For the love of a ‘Headless Woman’

Last night one of my dearest friends, who has always seemed to me generally cultured though not quite as cinephilic as yours truly (I hope no one is), sent me a trailer he’d seen recently on Apple’s website for a film with a more-than-slightly enigmatic title; the film was Argentinean director Lucrecia Martel’s latest, La mujer sin cabeza (English: The Headless Woman). For my friend, the experience of watching the trailer generated a brief yet intense chain of “what the fuck” moments; for me, the biggest “what the fuck” moment of all comes when one wonders why local film exhibitors aren’t going out of their way to bring The Headless Woman to Madison.

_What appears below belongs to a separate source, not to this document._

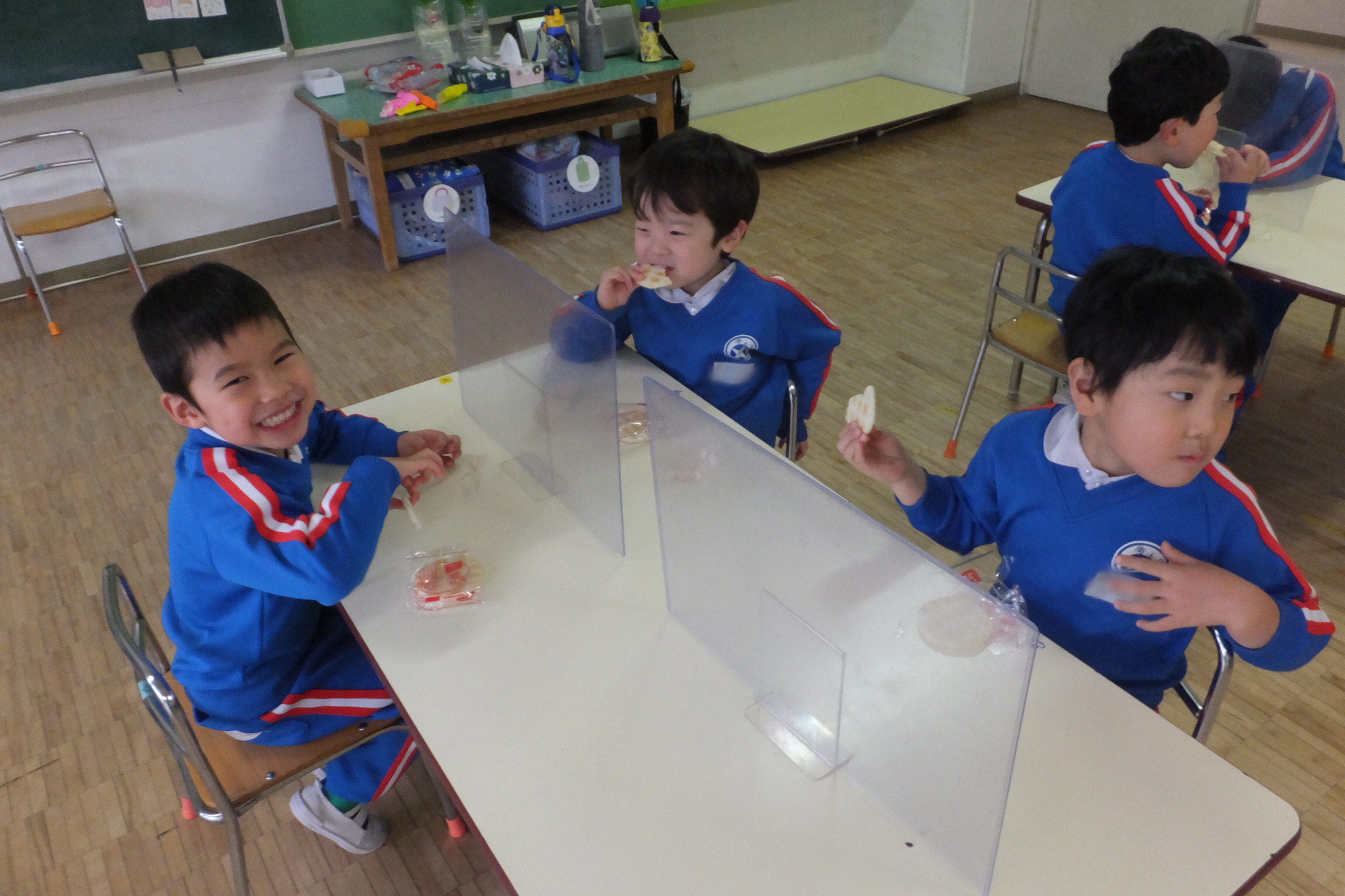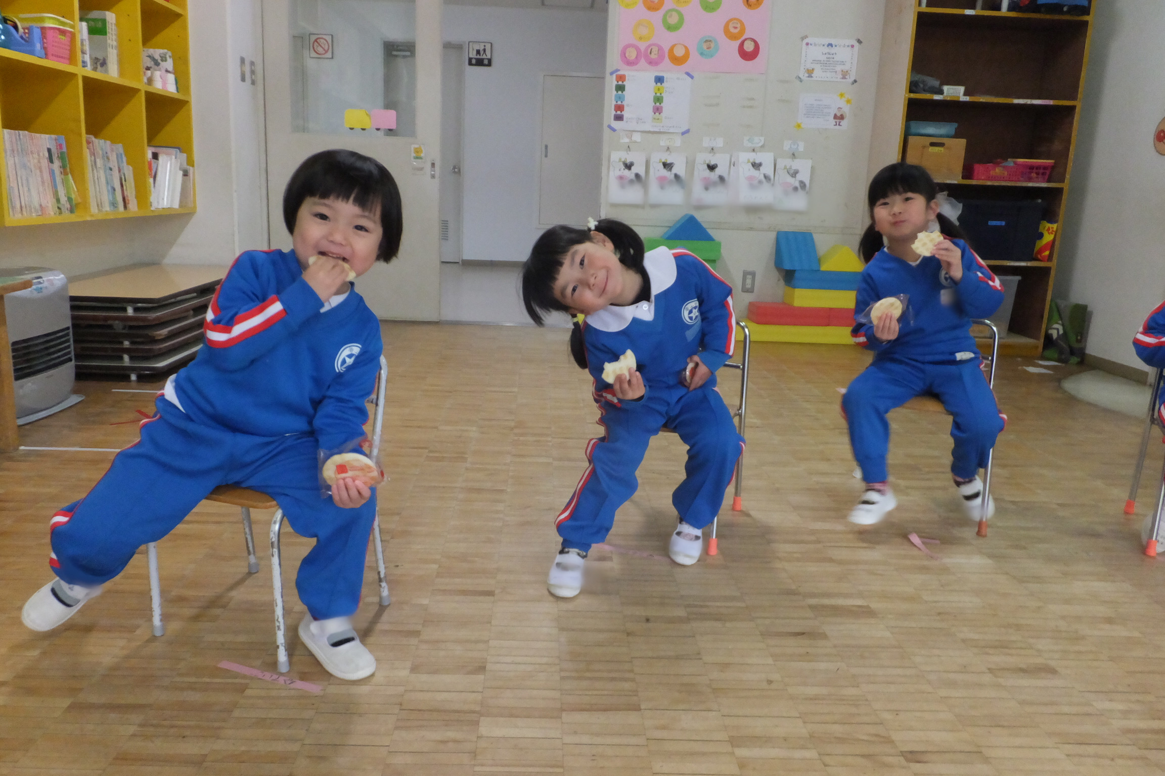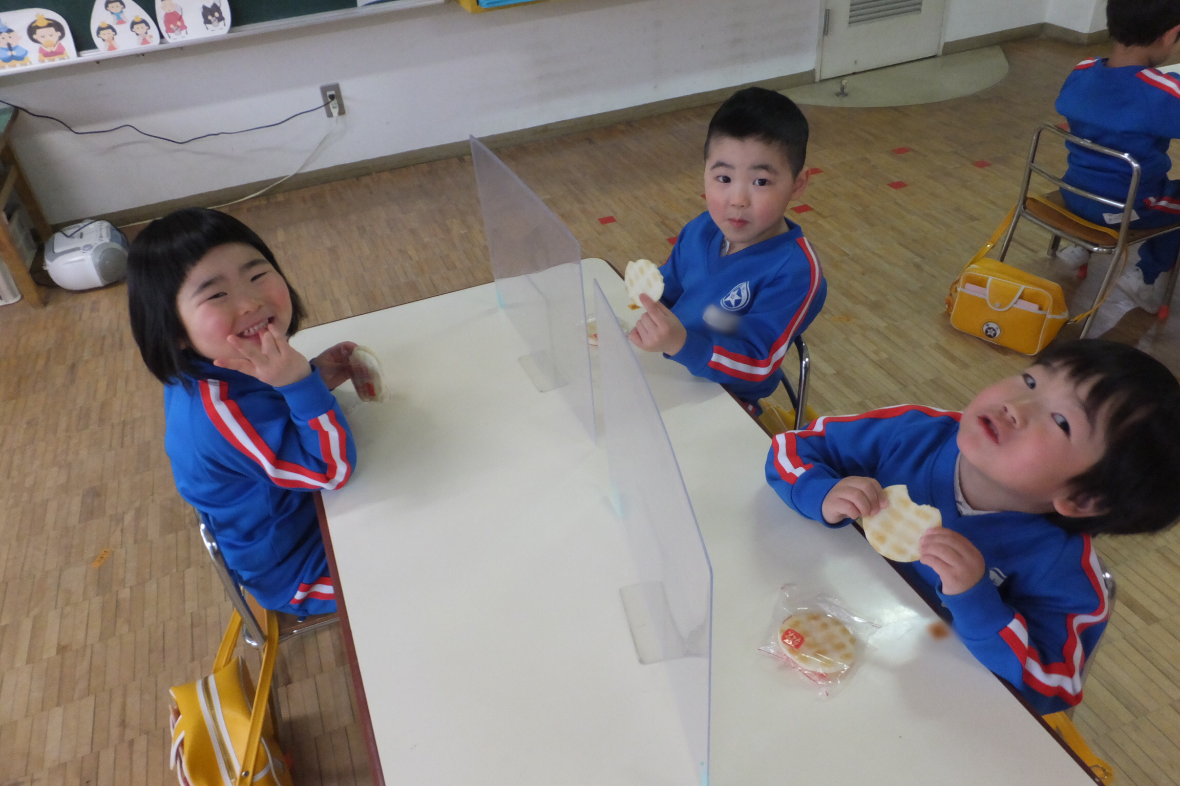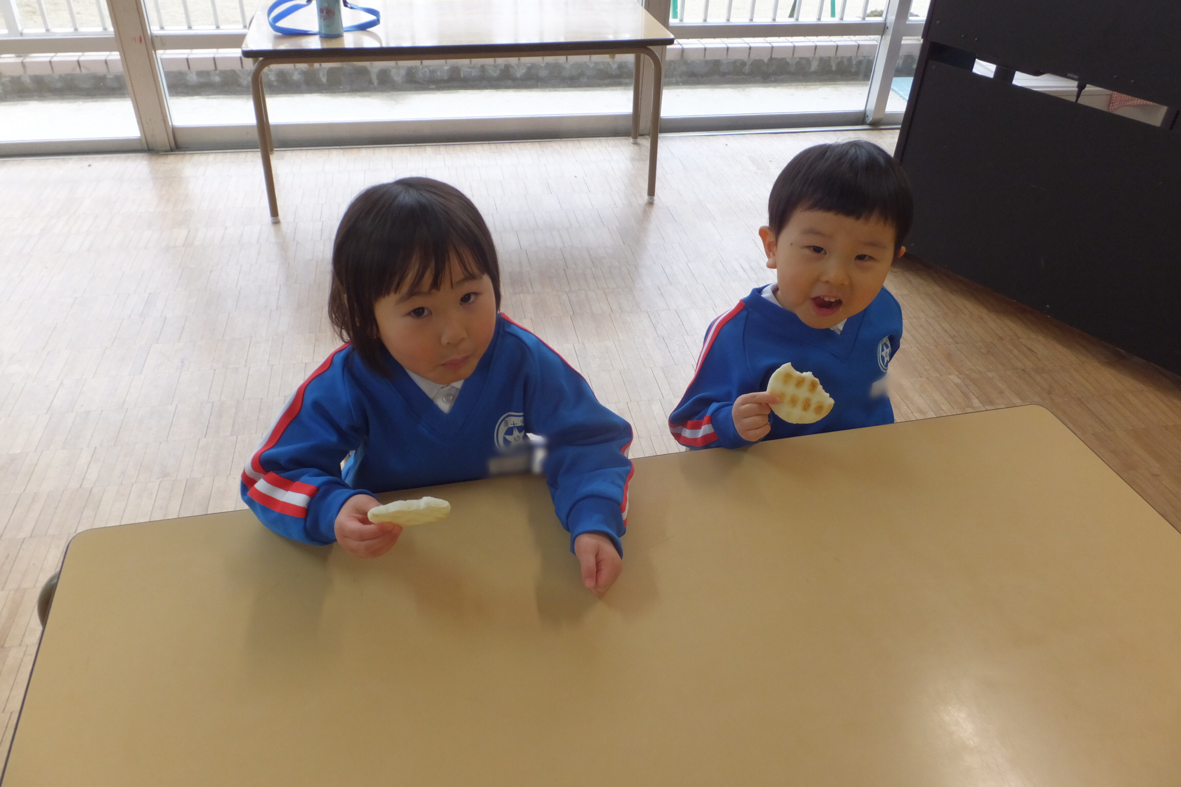 お誕生会の後は…おやつの時間!!今日は、おせんべいです!

Earlier this summer I interned at Manhattan’s Film Forum, which is currently running The Headless Woman from now until September 1st. Of all the films that Film Forum rolled out this summer, so many of which were terrific (and, for me, free to attend), the one which I’d wanted to see most was The Headless Woman. The film has been described by critics as the aesthetic equivalent of enduring a rather severe concussion, that is to say, it alters your perception of the world in remarkable and seemingly permanent ways; as Martel herself tells Chris Wisniewski in this interview from Reverse Shot,

There is a beautiful and at the same time horrifying mechanism in society: if you want to protect someone, you can disown his or her responsibility across his or her class. This sounds really beautiful, but it only works for some layers of society. The film reveals a blurred moment of a woman’s life, and shows how things become more secure by making certain things disappear. Like my other films, The Headless Woman doesn’t end in the moment that the lights go up, it ends one or two days later.

A couple years ago I seem to recall that the UW Cinematheque ran a series of recent films directed by Argentinean women, and I’m fairly sure (but don’t quote me on this) that some of Martel’s previous work was included. Based on the critical reception that The Headless Woman has been getting thus far, the film seems to be a significant step in the never-ending revolution that is cinematic modernism. Again, I’ll admit to my own ignorance as far as the politics of film distribution is concerned, but nevertheless: We need this film in Madison within the next 6 months, while the window of opportunity is still glaringly open. Would the MMoCA, the Cinematheque, Sundance or whoever have passed on the chance to show Antonioni’s L’avventura or Bergman’s Persona during those films’ initial American runs?

In so many ways, Madison is on the verge of having an irrefutably awesome film scene, and if local exhibitors were to go the extra distance to get their hands on films like The Headless Woman, it could be precisely what it takes to shove our dear town off the proverbial ledge. Someone, anyone: Make this happen.